## WHAT THE TASK ASKS
Leaving out the pictures, please reproduce exactly and only the lines from the one that contains "Os detalhes fazem" through the last line below.

## SOURCE DATA
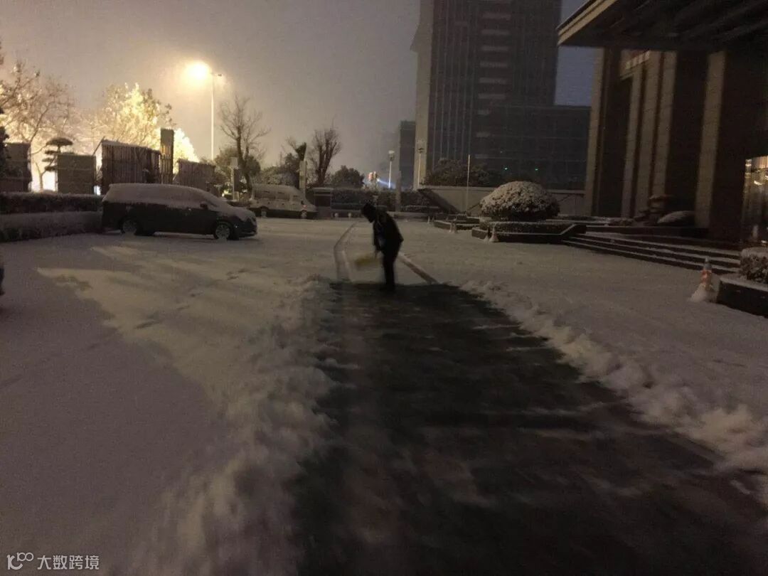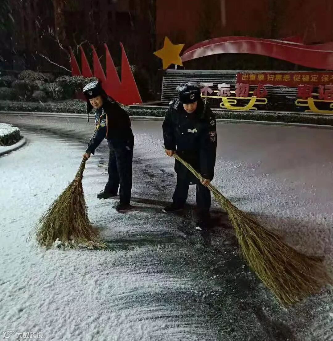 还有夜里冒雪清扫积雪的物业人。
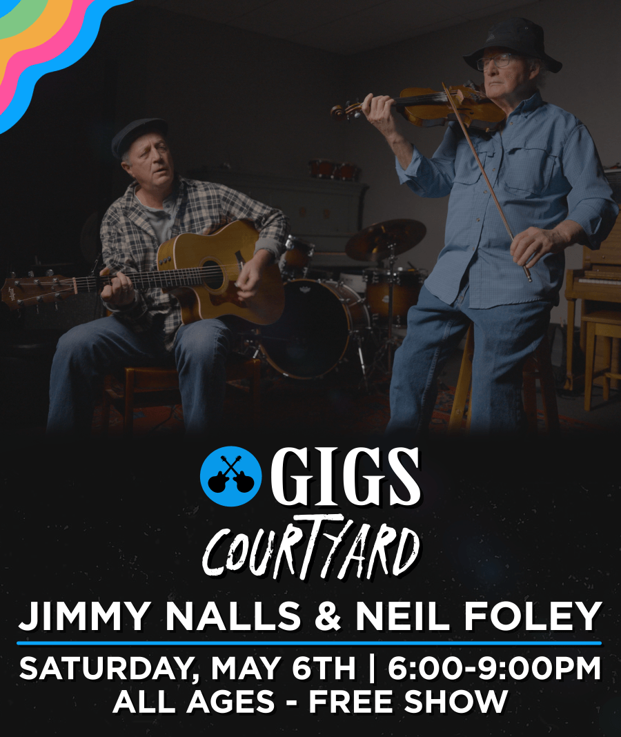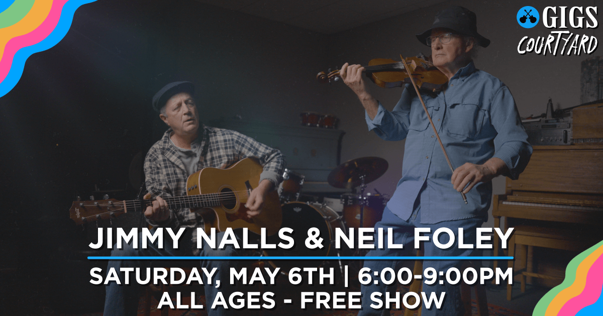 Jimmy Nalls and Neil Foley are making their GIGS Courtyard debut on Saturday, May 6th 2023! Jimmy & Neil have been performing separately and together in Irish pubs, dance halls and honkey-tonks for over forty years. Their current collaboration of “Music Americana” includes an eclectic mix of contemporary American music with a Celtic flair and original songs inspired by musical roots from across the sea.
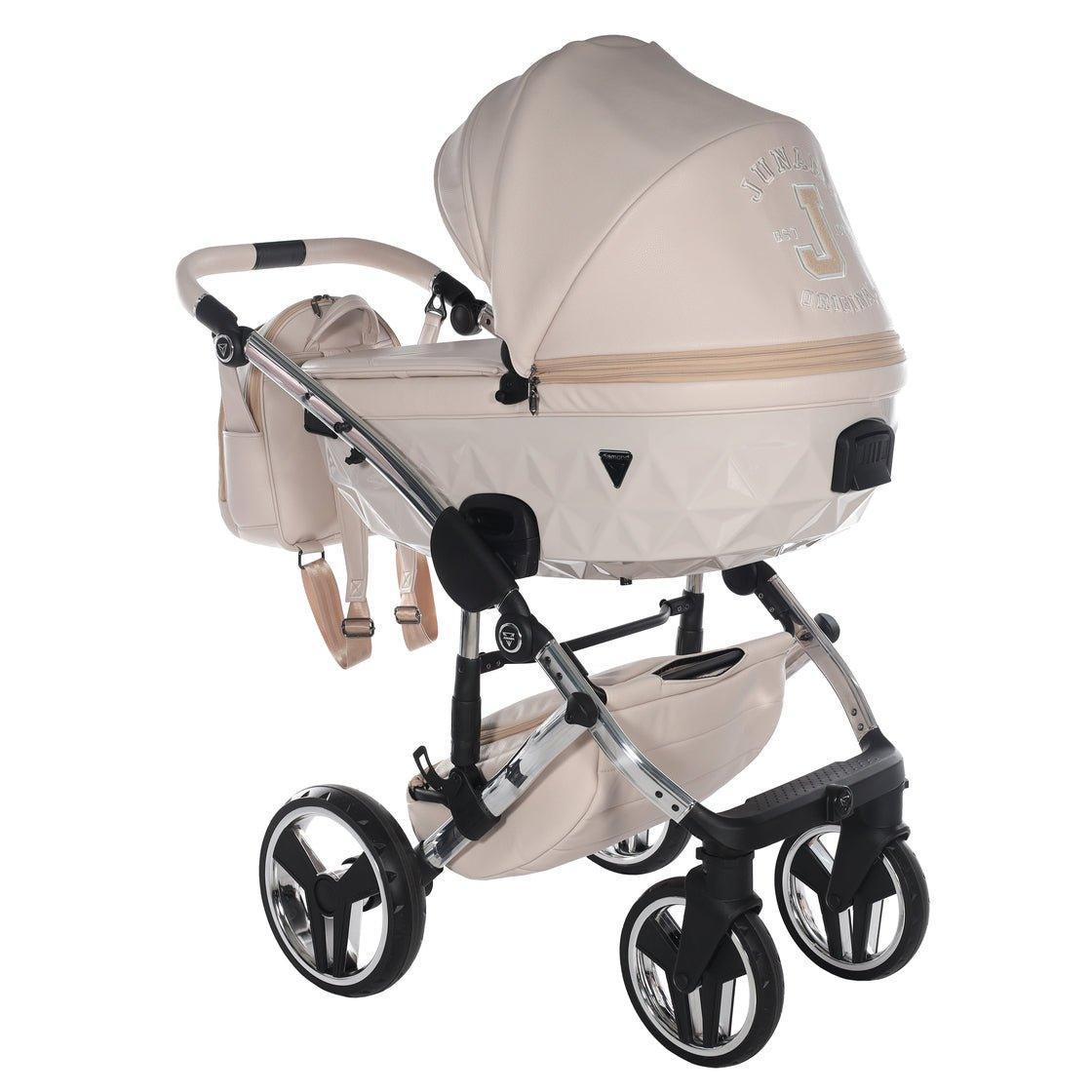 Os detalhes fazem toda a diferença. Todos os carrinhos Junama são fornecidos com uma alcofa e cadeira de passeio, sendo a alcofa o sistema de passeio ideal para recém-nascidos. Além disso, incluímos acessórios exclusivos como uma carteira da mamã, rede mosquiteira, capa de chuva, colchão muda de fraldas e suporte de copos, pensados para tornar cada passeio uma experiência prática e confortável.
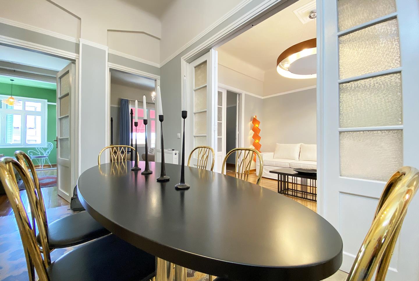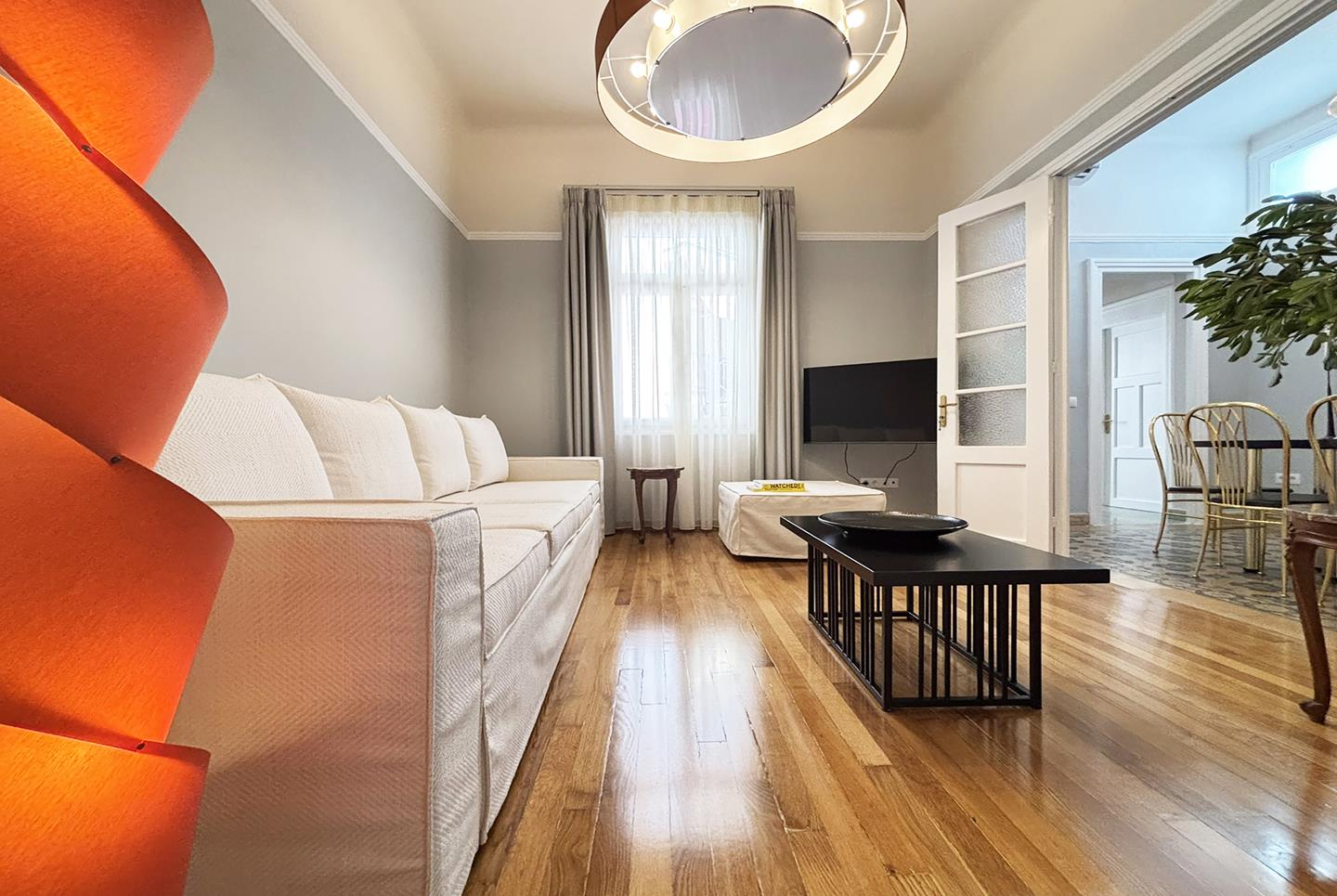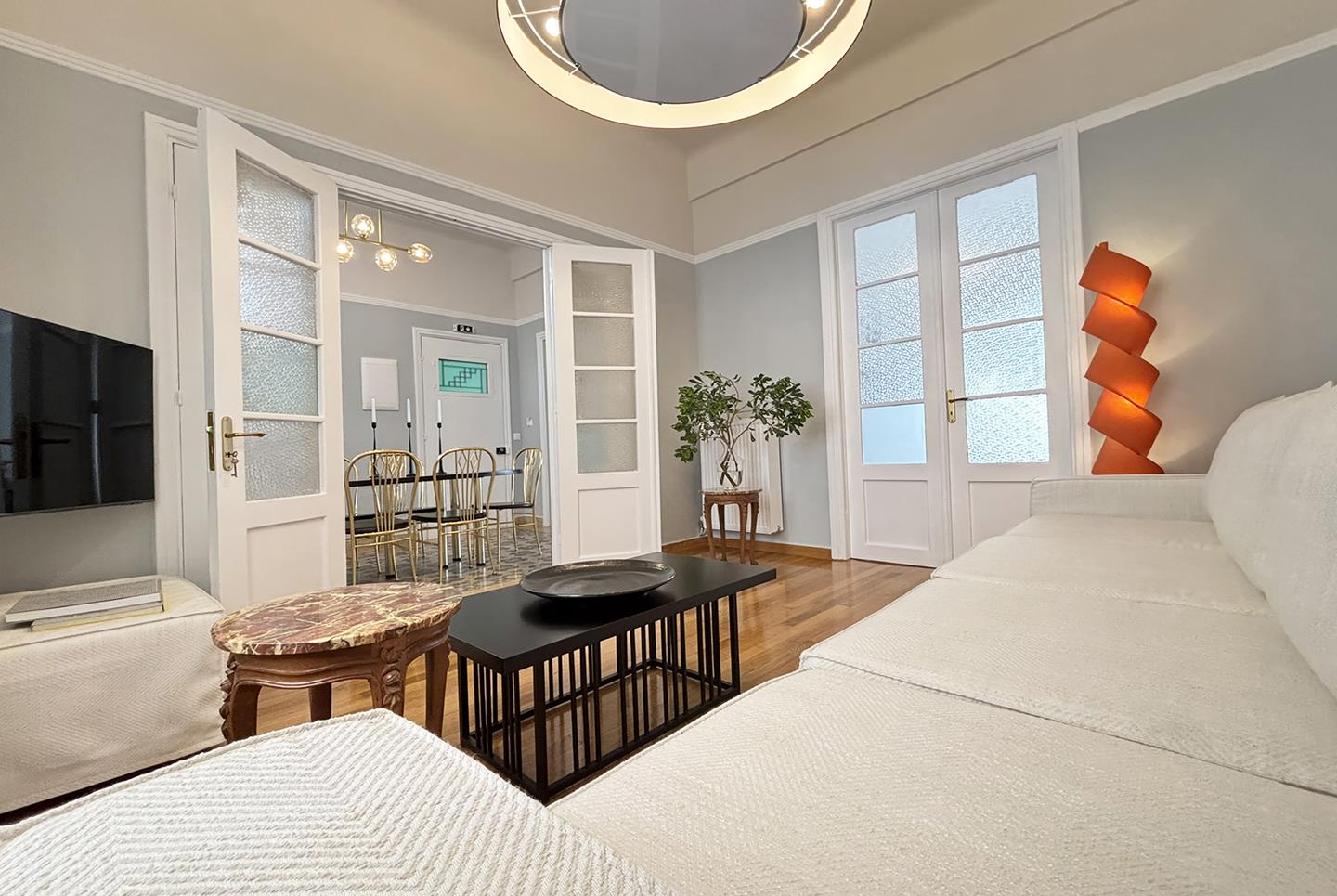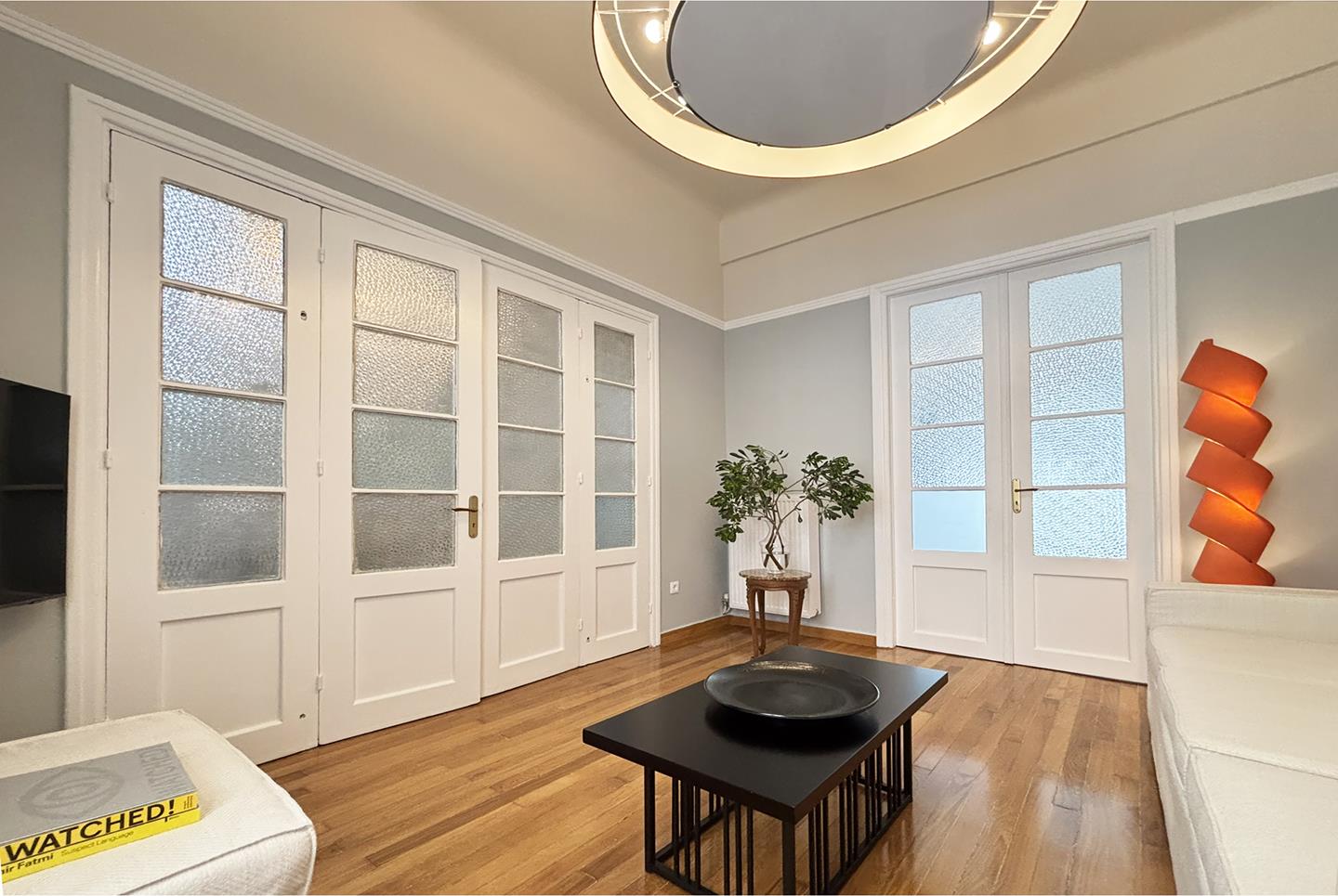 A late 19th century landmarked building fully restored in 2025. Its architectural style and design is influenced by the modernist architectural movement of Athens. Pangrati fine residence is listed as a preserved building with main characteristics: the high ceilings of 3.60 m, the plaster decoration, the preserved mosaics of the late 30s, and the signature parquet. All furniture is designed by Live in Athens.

## WRITTEN REPLY
 Os detalhes fazem toda a diferença. Todos os carrinhos Junama são fornecidos com uma alcofa e cadeira de passeio, sendo a alcofa o sistema de passeio ideal para recém-nascidos. Além disso, incluímos acessórios exclusivos como uma carteira da mamã, rede mosquiteira, capa de chuva, colchão muda de fraldas e suporte de copos, pensados para tornar cada passeio uma experiência prática e confortável.
 A late 19th century landmarked building fully restored in 2025. Its architectural style and design is influenced by the modernist architectural movement of Athens. Pangrati fine residence is listed as a preserved building with main characteristics: the high ceilings of 3.60 m, the plaster decoration, the preserved mosaics of the late 30s, and the signature parquet. All furniture is designed by Live in Athens.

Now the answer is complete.